A new post-recession normal: working part time, unwillingly

By some measures, the U.S. labor market is firing on all cylinders, with the unemployment rate declining to its lowest level in almost a decade. But peek below the numbers, and a troubling trend emerges: the unwilling part-time worker. 

The country now has 6.4 million part-time workers who would prefer to hold full-time jobs, but for a number of reasons aren’t able to secure such a role, according to new research from labor economist Lonnie Golden at the left-leaning Economic Policy Institute. While the overall unemployment rate has declined since the recession, his research found that the number of involuntary part-time workers remains almost 45 percent higher than in 2007, before the economic crisis. 

While part-time workers are included in the Labor Department’s data on the job market, the stubbornly high share of people who are unwillingly working part-time hours signals another problematic trend for workers, who may struggle to make ends meet as a result. The trend appears to be the “new normal” in a few industries that have shifted their costs onto workers, such as the retail and hospitality segments, Golden said. 

“People want more hours,” Golden said. “We saw that the unemployment rate was coming down, the economy was chugging along, but there’s this soft underbelly.”

Golden said his research was also sparked by the national push for higher wages and better working conditions from the “Fight for $15” movement, which has taken aim at some employers’ practice of scheduling workers at the last minute or providing a patchwork of hours that leave them unable to earn a living wage. Two of the industries with the highest concentration of involuntary part-time workers are retail and the leisure and hospitality sectors, which respectively employ 23 percent and 41 percent of the country’s involuntary part-time workers. 

These industries are “trying to keep labor costs as low as possible, scheduling employees at the very last minute, not promising them very long hours,” Golden said. “The employers want a buffer pool of employees.
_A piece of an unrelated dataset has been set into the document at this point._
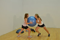 Ball Pushers: One partner stands with a large ball ready to push back the partner coming at them. Push back each other using shoulders - this is a super fun one with cardio benefits too! Try to push your partner back a few feet before switching turns.

They operate under very lean staffing, so when there is a drop in demand, they tell people not to come in or send them home early.”

That can lead to unpredictable wages, which are often already lower than what full-time workers earn. On top of that, part-time workers often aren’t awarded the same benefits that full-time employees receive, such as health-care or paid vacation days. 

While some have speculated that the Affordable Care Act would spark employers to prefer part-time workers instead of full-time employees, the data don’t support that as the cause for the stubbornly high numbers of unwilling part-time workers. If Obamacare were to blame, economists would expect to see a cluster of Americans working 29 hours a week, just below the 30-hour-per-week threshold when large employers are mandated to provide health insurance coverage for their workers. Other trends that would indicate that Obamacare could be the source of involuntary part-time workers didn’t show in the data, either.

Instead, it appears a handful of industries, such as retail, are shifting their business models to part-time workers as a way to cope with increased competition and tighter margins. 

So who is getting stuck in part-time work? The issue cuts across all races, although black and Hispanic workers comprise a higher share of involuntary workers than white employees. Women are also slightly more likely than men to work in involuntary part-time jobs. 

Policy changes could either help part-time workers gain more hours, or provide more protections for these employees, Golden said. For instance, laws that would ensure part-time workers receive the same benefits as their full-time counterparts would likely incentivize companies to hire people for a full 40-hour work week. 

Some municipalities and states are also stepping into the fray with laws that require employers to create stable work schedules, which helps workers manage their income and work schedules more effectively. Lastly, the unemployment insurance laws could be tweaked to allow more part-time workers to qualify, the research noted.

Golden said he doesn’t expect the Trump administration to enact changes that would benefit involuntary part-time workers, but added that he believes states and municipalities will continue to create laws to address the problems faced by these workers. 

Said Golden, “We need policy reform. We have great job creation but not the quality” of jobs that help workers maintain a stable lifestyle.